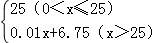当25<x≤50时.yA=yB,即0.01x+6.75=10,解得;x=32.5,
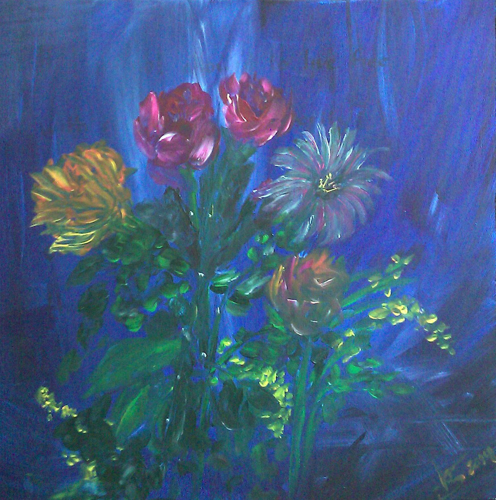 Een snel boeketje bloemen, nat in nat in acryl, fantasiecompositie.
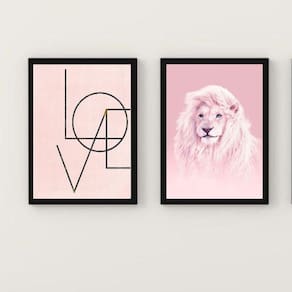 O Kit 2 Quadros Decorativos Leão Rosa Love 24X18Cm é perfeito para decorar qualquer ambiente da sua casa. Com moldura de madeira preta, esses quadros trazem um toque de elegância e sofisticação para as suas paredes.

- [Required action]
The whole listing should be printed again exactly as written, images excluded.

- [Response to this exercise]
当25<x≤50时.yA=yB,即0.01x+6.75=10,解得;x=32.5,
 Een snel boeketje bloemen, nat in nat in acryl, fantasiecompositie.
 O Kit 2 Quadros Decorativos Leão Rosa Love 24X18Cm é perfeito para decorar qualquer ambiente da sua casa. Com moldura de madeira preta, esses quadros trazem um toque de elegância e sofisticação para as suas paredes.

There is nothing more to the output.